I ONCE read, in an essay by a writer whose considerable achievements in contemporary literature seem to warrant a certain knowledge of the craft of tale-telling, that it is only the trained artificiality of writers—their technique, so to say—that enables them to begin their tales from a certain point and go directly on to a certain ending. While the truth of the matter is (he writes), as you can easily verify from the narrative of any peasant in any inn, that the tales that are spun from life cannot be complacently fitted along a straight line of narration, but incline to zigzag unaccountably from one point of memory to another; until the tale fulfilled, or rather, fulfills itself by these deft and disordered touches of the realism of memory. For, to quote the simile that is almost de rigueur as a cap to these grave abstractions, "the figure in the carpet" can be said to have no beginning nor middle, and so on....
The plain fact of the matter is that, in spite of the sternest intentions, I have the greatest difficulty in nailing my mind down to a clear and ordered conception of the sequence that even the most facile publisher will demand from this history: in ever and again wrenching, as it were, my memory from its erratic piracies, and in beguiling it to sit soberly astride the course of events as they occurred or were told to me. Even though they didn't actually and consistently occur, these events—not, I mean, in the usually accepted sense of things "occurring." They were all so deeply consequent on inside things! and most of them happened inside....
Thus, as I try to shape my shadows as truly as I may, my memory is ever and again confronted by a few nights—mainly three, and very bonfires of nights they seem to me, with their high lights and sinister heat colouring all that came before and all that happened after; though, indeed, to two of us there was very little left that could happen after that third, and last, night.... That last night! Of the many things that can be lost in one night, Roger Poole lost as much as any man can lose, Antony Poole lost more than any man should lose, and Iris—and I—but even a tale cannot play spy for ever, it must surely end somewhere. (And yes, it must begin, too).
Then that other night, which I could rightly call the first, for it was the one which very definitely sent the ball rolling down the slope. And, though I should preface that rolling by first describing that slope and that ball, I see that I must let part of this particular bonfire have its way, else they will all get together to hinder and confuse me. That man Antony never did know how to wait, and so I must tell of the night of his return before even the day of his going away. An unfortunate night it was, even apart from his connection with it, because of my heavy and stupid depression about something that time, in all decency, should have persuaded me to face resignedly.

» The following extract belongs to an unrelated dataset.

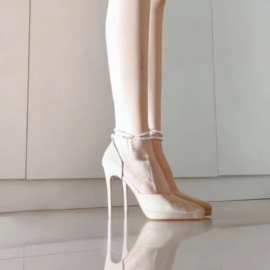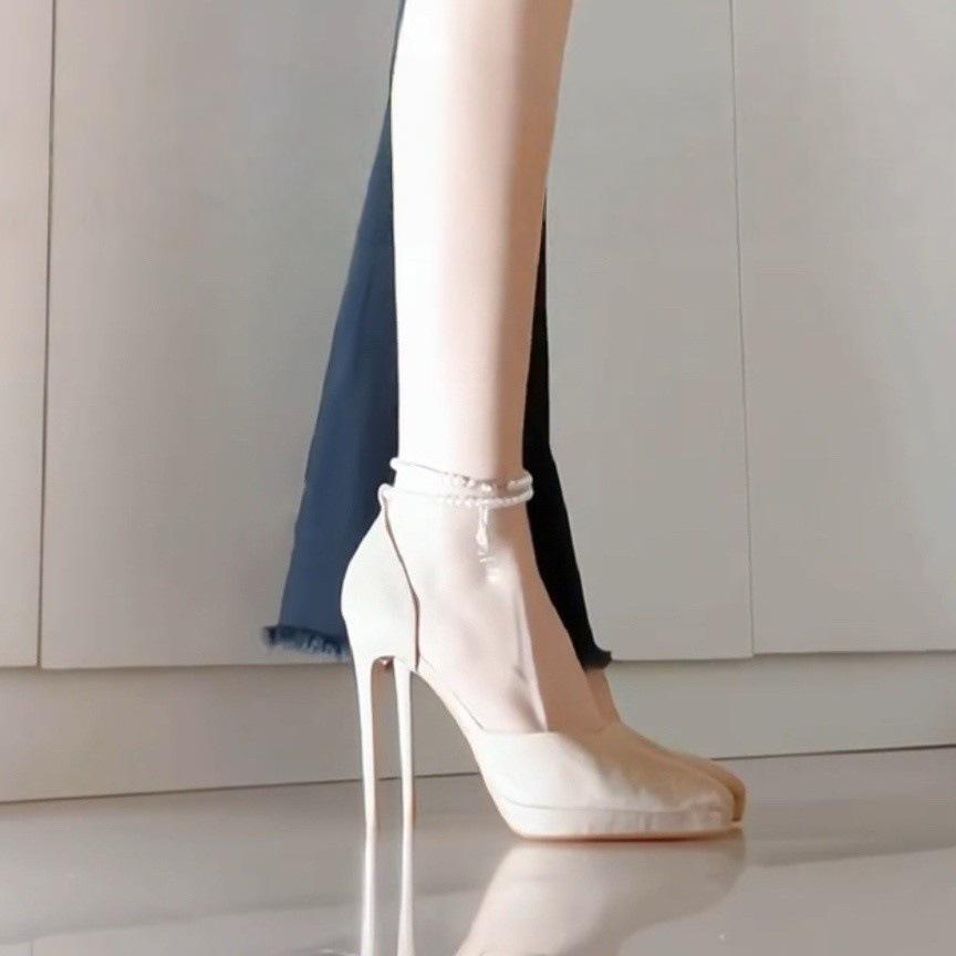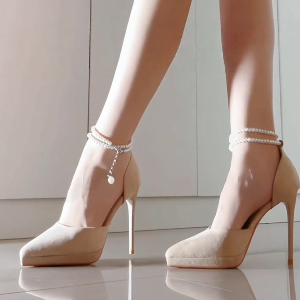 Нишевый дизайн однословная жемчужная цепочка темперамент универсальные одинарные туфли корейская версия телесная замша водонепроницаемые стол полые высокие каблуки женские

An hour or so after a midnight one late June, I was walking slowly up Piccadilly; in no hurry to reach my destination, whither I would eventually take a taxi—for Regent's Park is always far enough, but even further on a moonless and rain-heavy night that England must have grabbed from one of our less desirable and more stifling colonies. I was walking on the outer edge of the pavement, with my head bent, as shoddily happened when my mind was clouded—when in crossing the end of that little passage that leads into Albany-courtyard, I was arrested by the stealthy and hurried sound of a scuffle. From first to last the affair took but a few seconds. At the far end of the dim recess two figures were locked together, swaying this way and that and then parting to allow freedom for blows—the which, I could judge, were exchanged with the heartiest ill will; and all in silence, but for quick pantings for breath and the shuffle of feet. There really is an unholy kind of interest in watching two men, presumably of one's own kind if stiff white shirts meant anything at all, fighting in relentless silence, and maybe, in deadly earnest. The slightly smaller one—they were both tall figures—seemed to be getting much the worst of it, but I certainly wouldn't have interfered if I hadn't seen a posse of policemen coming towards us from Vine Street on their usual way to their beats.
"Time!" said I. But it was time enough without my saying so, for one last and not very heavy blow had doubled the smaller against the window of Woodrow's hat-shop; and the other, a giant of a man, picking up his top-hat and ramming it on his head as though it were a Crusader's helmet and without a glance at his crumpled antagonist, briskly walked towards me.
"England's come to a pretty pass when the education of gentlemen has to fall to interested amateurs like myself," he began from a distance. "Eh, Ronnie?"
But I had recognised him without his use of my name, and was staring at him with such bewilderment that he broke out into one of those guffaws I knew so well.
"Antony!" I cried.
"Myself as ever was, old man!" and he clapped me on the shoulder heartily. "I saw you out of the tail of my eye, while I was teaching that young man Spartan history—and, thought I, no luck could be better."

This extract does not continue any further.